__REQUIRED ACTION__
Word for word, and with pictures excluded, copy out all the records that follow.

__THE DATA__
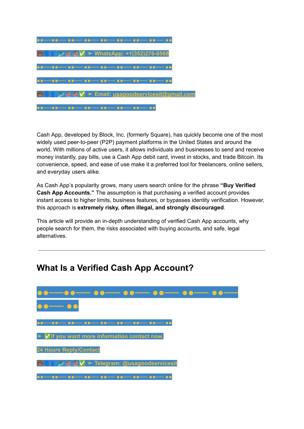 ●●──●●── ●●── ●●── ●●── ●●── ●●── ●●── ●● ??????✅➤ WhatsApp: +1(352)270-0568 ●●──●●── ●●── ●●── ●●── ●●── ●●── ●●── ●● ●●──●●── ●●── ●●── ●●── ●●── ●●── ●●── ●● ??????✅➤ Email: usagoodservicesit@gmail.com ●●──●●── ●●── ●●── ●●── ●●── ●●── ●● Cash App, developed by Block, Inc. (formerly Square), has quickly become one of the most widely used peer-to-peer (P2P) payment platforms in the United States and around the world. With millions of active users, it allows individuals and businesses to send and receive money instantly, pay bills, use a Cash App debit card, invest in stocks, and trade Bitcoin. Its convenience, speed, and ease of use make it a preferred tool for freelancers, online sellers, and everyday users alike. As Cash App’s popularity grows, many users search online for the phrase “Buy Verified Cash App Accounts.” The assumption is that purchasing a verified account provides instant access to higher limits, business features, or bypasses identity verification. However, this approach is extremely risky, often illegal, and strongly discouraged. This article will provide an in-depth understanding of verified Cash App accounts, why people search for them, the risks associated with buying accounts, and safe, legal alternatives. What Is a Verified Cash App Account? ●●──●●── ●●── ●●── ●●── ●●── ●●── ●●── ●● ●●──●●── ●●── ●●── ●●── ●●── ●●── ●●── ●● ➤✅If you want more information contact now. 24 Hours Reply/Contact ??????✅➤ Telegram: @usagoodservicesit ●●──●●── ●●── ●●── ●●── ●●── ●●── ●●── ●●
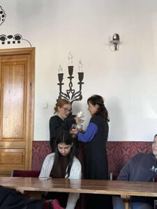 Dnia 31.03.25r. nasza klasa miała próbne makijaże lat 20 oraz przymiarki ubrań na dni otwarte
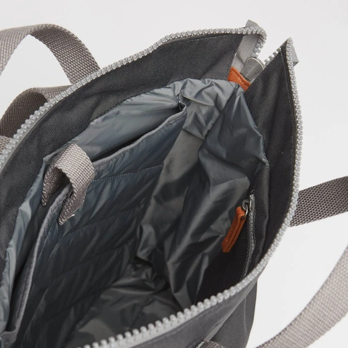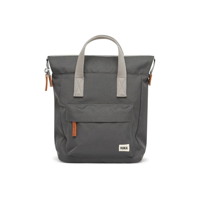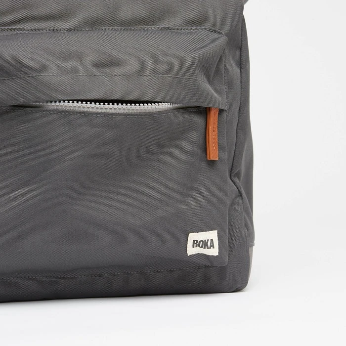 Mochila de la marca Roka London, modelo Bantry B. Tamaño pequeño con medidas 32 cm x 23 x 10 cm. y capacidad de 7,35 ltr. Confeccionado con materiales reciclados (PET), y aptas para veganos. Su material es repelente al agua. Lleva un bolsillo exterior central cerrado con cremallera. En el interior lleva compartimento acolchado para tablet. Cierra con cremallera en la parte superior. las tiras de la espalda son de algodon para mas comodidad. Color Gris.
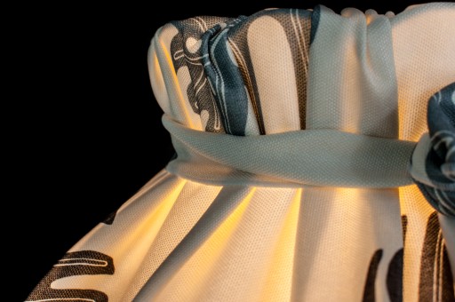 Każdy abażur jest ręcznie produkowany i szyty przez naszą firmę. Stelaż abażura wykonany jest z metalu i lakierowany proszkowo.
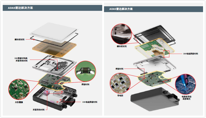 “看得远”——雷达/激光雷达系统 雷达收集到的数据,可以提高汽车主动安全性能。为此汉高提供高效能的热管理以及电磁屏蔽解决方案,保证雷达内的电子元器件的可靠性与长效性。
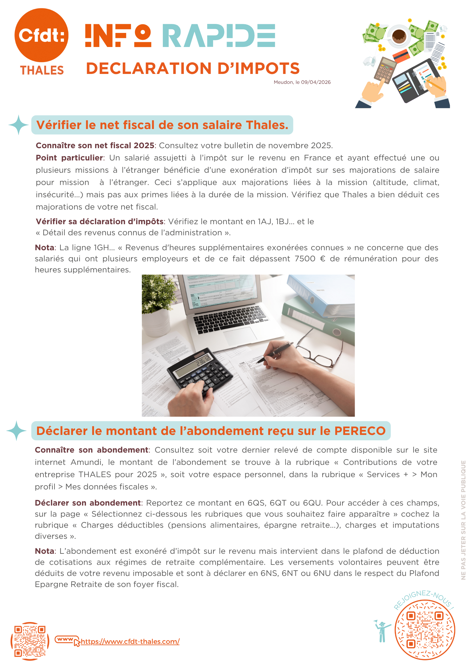 Pour vous aider sur la déclaration d'impôt, la CFDT Thales vous propose une information rapide sur le sujet.
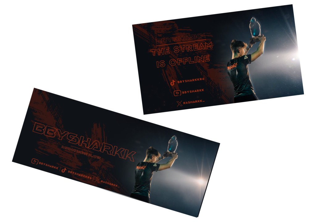 J’ai été contacté par BbySharkk, un jeune streamer sur la plateforme Twitch, gagnant de la Gamers Assembly 2024 sur le jeu Rainbow6Siege afin de réaliser 2 bannières pour ses streams. Une bannière pour sa chaine Twitch, et une autre pour prévenir que son stream est hors ligne.
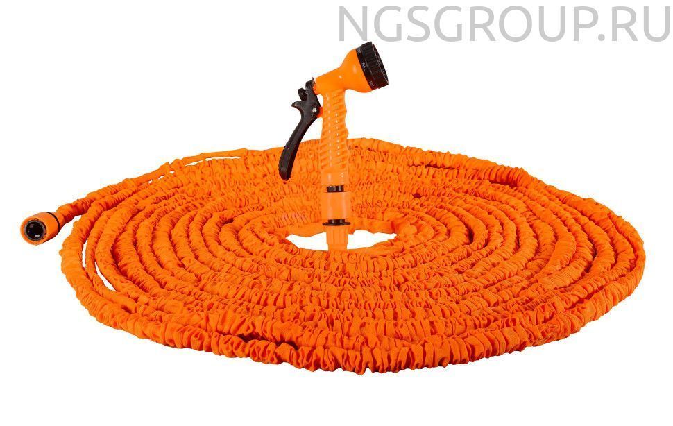 Набор для полива подходит для орошения дачных и садовых участков. Комплектуется пистолетом-распылителем с 7 режимами. Шланг из прочного латекса может сжиматься и растягиваться, что удобно при поливе и хранении.
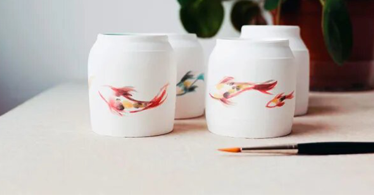 Under the name of Hello Made, Amber Feng creates delicate pieces of tableware, many of them finished with drawings of colored fish made as if they were watercolors, that could awaken and inspire anyone's imagination.
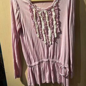 Cute Long-Sleeved Light Purple Ruffles Shirt Size M Medium
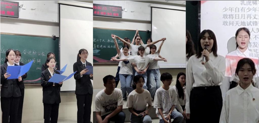 活力团小组的优秀展示,赢得掌声雷动,在热烈的掌声中活力团支部答辩拉开帷幕。“敢将日月再丈量,今朝唯我少年郎”12101团支部从生活、思想、社会实践三方面建设班级积极文化,新时代路上,支部团员奋发图强携手同行;高擎的团旗履行着责任,飘扬的团旗昭示使命,青春行之不悔、使命不至不归,这是12102团支部的坚定信念;12001团支部团员从五湖四海而来,相聚一起,同呼吸共奋斗,党旗所指就是团旗所向,坚定不移跟党走,谱写新时代青年奋斗华章;初心不改跟党走,时代新篇见担当,12002团支部从制度、思想、文化建设班级,每一位团员都是夜空中最亮的星,一起向未来进发。
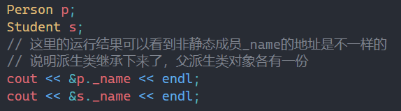可以看出如果是非静态成员,父类和子类_name地址是不一样的,说明派生类继承下来了,父类和派生类对象各有一份。
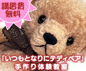 米崎樹美先生といっしょにテディベア・アニマルたちを作りませんか? 新しい教材「顔の切り替えベア」「耳の挟みこみうさぎ」も追加されました! どなたでもご参加になれます 半年で2体作ります。 初めての方でも大丈夫! のんびり、じっくり時間をかけて、仕上げていきます。 ぜひ、テディベアを作りながら楽しいひとときをお過ごし下さい。 -
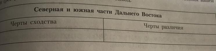 Южной частей Дальнего Востока. Заполните таблицу.
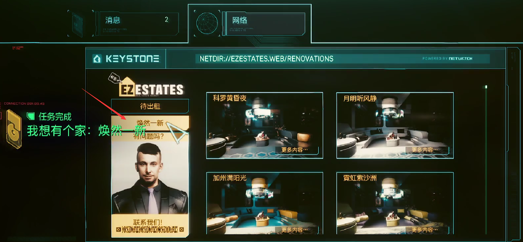 1.玩家在賽博朋克2077的我想有個家:煥然一新任務中,需要前往超級大樓H10的第一個公寓中找到電腦,點擊F進行使用。
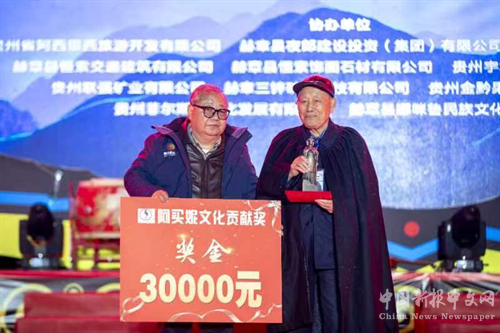 原貴州省政協(xié)副主席黃家培向阿買妮文化貢獻(xiàn)獲得者阿庫烏霧院長(zhǎng)宣讀授獎(jiǎng)詞并頒獎(jiǎng):感佩于他對(duì)國(guó)家教育和民族文化發(fā)展所作出的努力與成績(jī),感佩于他為豐富和完善中國(guó)詩學(xué)理論內(nèi)涵貢獻(xiàn)了彝族獨(dú)特的詩性智慧。
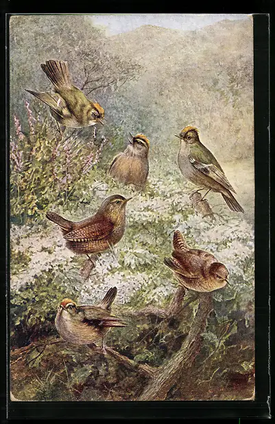 AK Zaunkönige in Frühlingslandschaft
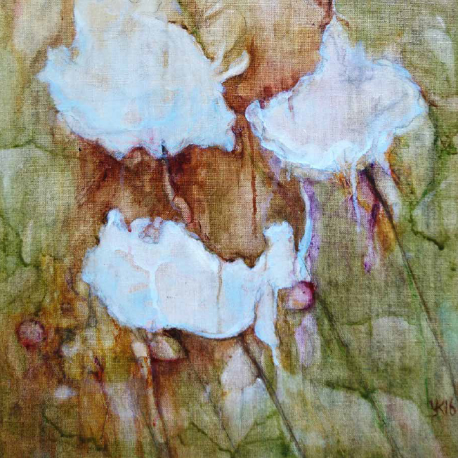 matige en de transparantie in het schilderen zelf. Met een gekozen element ga ik vanuit ‘herinnering’ vrij en onderzoekend te werk. Ik laat me leiden door vormen en kleur, totdat uit het woekeren het uiteindelijke beeld voor mij helder wordt.

__THE COMPLETED TASK__
 ●●──●●── ●●── ●●── ●●── ●●── ●●── ●●── ●● ??????✅➤ WhatsApp: +1(352)270-0568 ●●──●●── ●●── ●●── ●●── ●●── ●●── ●●── ●● ●●──●●── ●●── ●●── ●●── ●●── ●●── ●●── ●● ??????✅➤ Email: usagoodservicesit@gmail.com ●●──●●── ●●── ●●── ●●── ●●── ●●── ●● Cash App, developed by Block, Inc. (formerly Square), has quickly become one of the most widely used peer-to-peer (P2P) payment platforms in the United States and around the world. With millions of active users, it allows individuals and businesses to send and receive money instantly, pay bills, use a Cash App debit card, invest in stocks, and trade Bitcoin. Its convenience, speed, and ease of use make it a preferred tool for freelancers, online sellers, and everyday users alike. As Cash App’s popularity grows, many users search online for the phrase “Buy Verified Cash App Accounts.” The assumption is that purchasing a verified account provides instant access to higher limits, business features, or bypasses identity verification. However, this approach is extremely risky, often illegal, and strongly discouraged. This article will provide an in-depth understanding of verified Cash App accounts, why people search for them, the risks associated with buying accounts, and safe, legal alternatives. What Is a Verified Cash App Account? ●●──●●── ●●── ●●── ●●── ●●── ●●── ●●── ●● ●●──●●── ●●── ●●── ●●── ●●── ●●── ●●── ●● ➤✅If you want more information contact now. 24 Hours Reply/Contact ??????✅➤ Telegram: @usagoodservicesit ●●──●●── ●●── ●●── ●●── ●●── ●●── ●●── ●●
 Dnia 31.03.25r. nasza klasa miała próbne makijaże lat 20 oraz przymiarki ubrań na dni otwarte
 Mochila de la marca Roka London, modelo Bantry B. Tamaño pequeño con medidas 32 cm x 23 x 10 cm. y capacidad de 7,35 ltr. Confeccionado con materiales reciclados (PET), y aptas para veganos. Su material es repelente al agua. Lleva un bolsillo exterior central cerrado con cremallera. En el interior lleva compartimento acolchado para tablet. Cierra con cremallera en la parte superior. las tiras de la espalda son de algodon para mas comodidad. Color Gris.
 Każdy abażur jest ręcznie produkowany i szyty przez naszą firmę. Stelaż abażura wykonany jest z metalu i lakierowany proszkowo.
 “看得远”——雷达/激光雷达系统 雷达收集到的数据,可以提高汽车主动安全性能。为此汉高提供高效能的热管理以及电磁屏蔽解决方案,保证雷达内的电子元器件的可靠性与长效性。
 Pour vous aider sur la déclaration d'impôt, la CFDT Thales vous propose une information rapide sur le sujet.
 J’ai été contacté par BbySharkk, un jeune streamer sur la plateforme Twitch, gagnant de la Gamers Assembly 2024 sur le jeu Rainbow6Siege afin de réaliser 2 bannières pour ses streams. Une bannière pour sa chaine Twitch, et une autre pour prévenir que son stream est hors ligne.
 Набор для полива подходит для орошения дачных и садовых участков. Комплектуется пистолетом-распылителем с 7 режимами. Шланг из прочного латекса может сжиматься и растягиваться, что удобно при поливе и хранении.
 Under the name of Hello Made, Amber Feng creates delicate pieces of tableware, many of them finished with drawings of colored fish made as if they were watercolors, that could awaken and inspire anyone's imagination.
 Cute Long-Sleeved Light Purple Ruffles Shirt Size M Medium
 活力团小组的优秀展示,赢得掌声雷动,在热烈的掌声中活力团支部答辩拉开帷幕。“敢将日月再丈量,今朝唯我少年郎”12101团支部从生活、思想、社会实践三方面建设班级积极文化,新时代路上,支部团员奋发图强携手同行;高擎的团旗履行着责任,飘扬的团旗昭示使命,青春行之不悔、使命不至不归,这是12102团支部的坚定信念;12001团支部团员从五湖四海而来,相聚一起,同呼吸共奋斗,党旗所指就是团旗所向,坚定不移跟党走,谱写新时代青年奋斗华章;初心不改跟党走,时代新篇见担当,12002团支部从制度、思想、文化建设班级,每一位团员都是夜空中最亮的星,一起向未来进发。
可以看出如果是非静态成员,父类和子类_name地址是不一样的,说明派生类继承下来了,父类和派生类对象各有一份。
 米崎樹美先生といっしょにテディベア・アニマルたちを作りませんか? 新しい教材「顔の切り替えベア」「耳の挟みこみうさぎ」も追加されました! どなたでもご参加になれます 半年で2体作ります。 初めての方でも大丈夫! のんびり、じっくり時間をかけて、仕上げていきます。 ぜひ、テディベアを作りながら楽しいひとときをお過ごし下さい。 -
 Южной частей Дальнего Востока. Заполните таблицу.
 1.玩家在賽博朋克2077的我想有個家:煥然一新任務中,需要前往超級大樓H10的第一個公寓中找到電腦,點擊F進行使用。
 原貴州省政協(xié)副主席黃家培向阿買妮文化貢獻(xiàn)獲得者阿庫烏霧院長(zhǎng)宣讀授獎(jiǎng)詞并頒獎(jiǎng):感佩于他對(duì)國(guó)家教育和民族文化發(fā)展所作出的努力與成績(jī),感佩于他為豐富和完善中國(guó)詩學(xué)理論內(nèi)涵貢獻(xiàn)了彝族獨(dú)特的詩性智慧。
 AK Zaunkönige in Frühlingslandschaft
 matige en de transparantie in het schilderen zelf. Met een gekozen element ga ik vanuit ‘herinnering’ vrij en onderzoekend te werk. Ik laat me leiden door vormen en kleur, totdat uit het woekeren het uiteindelijke beeld voor mij helder wordt.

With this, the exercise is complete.